Johns Hopkins Gazette: April 10, 1995

The Way I See It: Practical Education

By Steve Libowitz

     The Hopkins Institute for Policy Studies is taking time this
week to honor the undergraduates who have taken part in this
year's Urban Policy Internship Program.

     It's time worth making.

     Undergraduate internships are such a valuable part of an
undergraduate's education. Medical students complete their
education in mandatory internship programs, no doubt following
the sage adage that practice makes perfect. But because
internships are usually extra-curricular activities for
non-medical students, undergrads, especially, often are obliged
to spend some of their non-classroom time at jobs that help them
pay the rent.

     "What's so great about the institute's internship seminar is
you can get the practical education as part of the class, without
having to choose between money and education," says Josh
Greenberg, a sophomore from Oyster Bay, N.Y., majoring in the
Writing Seminars. 

     Students should be encouraged at every step along their
academic career to get real world experience. While it's
invaluable to hit the books, nothing beats hitting the streets,
wherever in the world they may be.

    Even more than volunteering, these opportunities give
students a chance to see firsthand the problems and promise of
various career paths they may be juggling in their mind.

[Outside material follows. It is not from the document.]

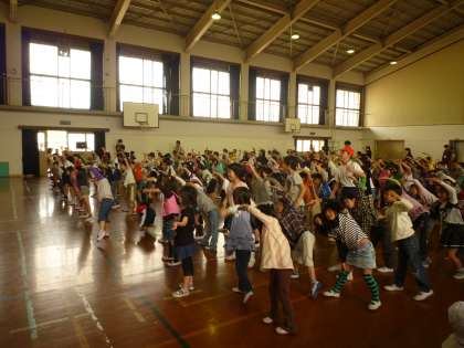 休み時間に1・2・3年生が,運動会の準備体操(全校ダンス)の練習をしました。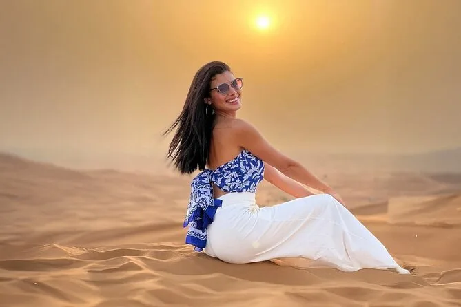 Votre journée comprend une prise en charge privée depuis votre hôtel ou lieu choisi à Dubaï en 4x4 avec un chauffeur expérimenté qui maîtrise aussi bien la ville que les pistes sablonneuses. Vous ferez du dune bashing sur les dunes rouges, une balade traditionnelle à dos de chameau dans le désert, du sandboard (chuter fait partie du jeu), des photos avec un faucon local, et profiterez de rafraîchissements offerts avant d’être ramené à votre point de départ à Dubaï.

     Greenberg knows that after graduation he wants to be, most
of all, an effective writer. But he's so not sure in what
profession he wants to apply it.

     "I'm interested in public policy, and I'm considering going
into law or graduate school in public policy or a think tank," he
says. "I just want to try as many things as I can before I have
to make a decision."

     It's a process that certainly beats job-hopping and

     "I wish I had had this kind of opportunity when I was in
college," says Bill Cunningham, a third district councilman from
Baltimore City, a researcher at the policy institute and
Greenberg's mentor this semester. "I might have stayed out of
politics," he laughs.

     Internships also benefit those, like Councilman Cunningham,
who take on the students. And they most often get out of an
intern what they put in.

     "The internship I offer in this course is definitely not
just clerical," Cunningham says. "I'm staff poor down at City
Hall, and the interns I have been lucky to have from Hopkins
allow me to pursue issues important to me. Their work becomes the
foundation for legislation I introduce in the City Council. They
are my auxiliary staff."

     This semester, Greenberg developed a survey to find out what
is and is not working in the city's Enterprise School initiative,
a program that makes principals, rather than the central school
administration, responsible and accountable for the management of
their schools.

     "I had to call all the principals and conduct the survey,"
Greenberg says. "Now I'm tabulating the responses. And depending
on the results, I think Bill expects to use this to propose
legislation. That's pretty exciting for me."

     Josh Greenberg feels he is getting more from the internship
because it is part of his seminar. "I get to do the work downtown
and then talk about it in the classroom," he says. "It's exciting
to be a 20-year-old and to be able to walk around City Hall, see
the mayor. And it makes the week a lot more interesting, too."

     He plans to do an internship each fall, spring and summer.
He figures by the time he graduates, he'll have a real sense of
not just the kind of work that might suit him, but also the sort
of place he'd like to work. 

     He also knows he will have made important contacts in the
real world to complement the academic connections he will have
made after four years at Hopkins.

     "It all fits together for me," he says. "It's all important
for a total education."

     That kind of sense is certainly worth celebrating.